С сегодняшнего дня передо мною раскрывается новый мир. Творцом этого мира и его вождем буду я одна. Писать-то каждый может, действовать куда труднее.

Оставил он меня, молодую женщину, с капризным ребенком на руках. И даже не поцеловал, чтобы не показать-де слабость перед низшими. Да он и дома меня никогда не целовал! Всегда прямехонько к делу. Стоя на носу отчаливающего корабля, махнул мне своей волосатой ручищей, отвернувшись в другую сторону. Кто-кто, а уж он-то знает женщин! Высокий и черный, словно каменные дубы на горе Петалейко, босой, с голыми руками, он заполнял собою небо и морской простор. Казалось, будто небесный купол вместе с солнцем и духами держится на его мощной шее! Он весь утопал в рыжей бороде и нестриженых волосах, в густых бровях. А громовые раскаты голоса вырывались из его груди, подобно звону меди из пещеры Корибантов.

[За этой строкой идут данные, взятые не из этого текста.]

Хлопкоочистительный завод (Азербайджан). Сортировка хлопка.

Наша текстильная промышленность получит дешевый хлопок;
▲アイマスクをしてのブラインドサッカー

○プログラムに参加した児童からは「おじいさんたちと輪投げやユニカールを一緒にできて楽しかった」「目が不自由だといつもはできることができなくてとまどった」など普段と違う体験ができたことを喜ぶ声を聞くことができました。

Его называли «грозой людей». Но особенно страшным был он сегодня, когда его обнимало и уносило с собою великое солнце.

О Весна, никогда еще не была ты столь сладостной. Даже в тот день, когда я впервые сказала ему «да», а он так стиснул мою девичью ручку своей лапищей, что я вскрикнула от боли! И никогда прежде не горели так мои щеки, не подгибались колени, как сегодня, когда он не прикоснулся ко мне, не поговорил со мной, даже не взглянул на меня!

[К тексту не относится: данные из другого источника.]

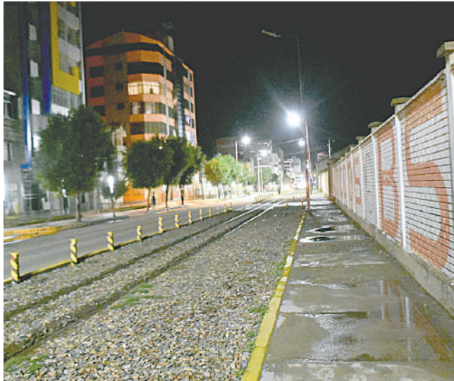
La ruta del Carnaval de Oruro comenzará desde la avenida 6 de Agosto detrás del Molino de Piedra

tener un cambio rotundo que va a tener este Carnaval, con las tres instituciones hemos verificado la nueva ruta y son espacios que han sido muy dejados pero ahora se va a trabajar y mejorar la iluminación, más seguridad, limpieza, contenedores

Благоухали в садах и на изгородях гиацинты и душистый горошек, а на обрыве — сосны, бессмертники, чабрец и душица. Благоухало море, когда его волны вскипали под веслами и килями кораблей. Благоухали морские водоросли и песок, вздымаемые тросами и цепями. Благоухали новые корабли смолой, дегтем и свежей краской. И все же более опьяняюще благоухали в моей памяти его потные ножищи, запах его любви!

Первосвященник закончил освящение и окропил все двадцать четыре корабля, а те подняли якоря и распустили паруса — белые, красные, синие, — суша, море и воздух загудели от радостных песен воинов, звучавших на местных наречиях (итакийском, кефаллинийском, закинфском, румелийском, левкадском), от свирелей, труб и щитов, в которые бешено колотили копьями, чтобы заглушить вопли жен, плач детей и стоны матерей.

А когда корабли все разом тронулись от причалов, казалось, будто они тащат за собою Итаку, привязанную, как фелюга, канатами к их кормам. Чайки радостно кружились в вышине и с пронзительным криком стрелою падали в воду за рыбьими головами и кусками хлеба — их бросали с борта пьяные воины и моряки, которые сразу же беспечно накинулись на еду и выпивку. А гордый Одиссей неподвижно возвышался на носу корабля, огромный, бессмертный и прекрасный, как Идея или как стоящий на задних ногах осел. Эанту кажется, что только он обладает даром быть ослом по молодечеству и упрямству: не отступать перед дубинами и камнями. Мой Одиссей такой же. И даже превосходит его. Еще бы с десяток таких царей-ослов, и Троянская крепость пала бы не через десять лет (так принято говорить; типун мне на язык!), а через десять дней. И не от оружия, а под ударами копыт!


Утром следующего дня.


Как это я забыла о них! Жаль! Я была просто не в себе! Когда сегодня утром я увидела их, то очень огорчилась!.. Вчера, только он уехал, я вернулась во дворец расстроенная и велела опустить жалюзи на дверях и окнах своей комнаты; забрать с балкона и с подоконников горшки с геранью и базиликом; завесить тюлем зеркала; выгнать Фемия — его песни нам больше не нужны; собрать собак и отправить их к Эвмею на далекую скалу, где растут дикие груши. Все безмолвно, мрачно и уныло вокруг меня и во мне. Не хочу ни видеть, ни слышать никого. Хочу только думать о своем милом. И о самой себе.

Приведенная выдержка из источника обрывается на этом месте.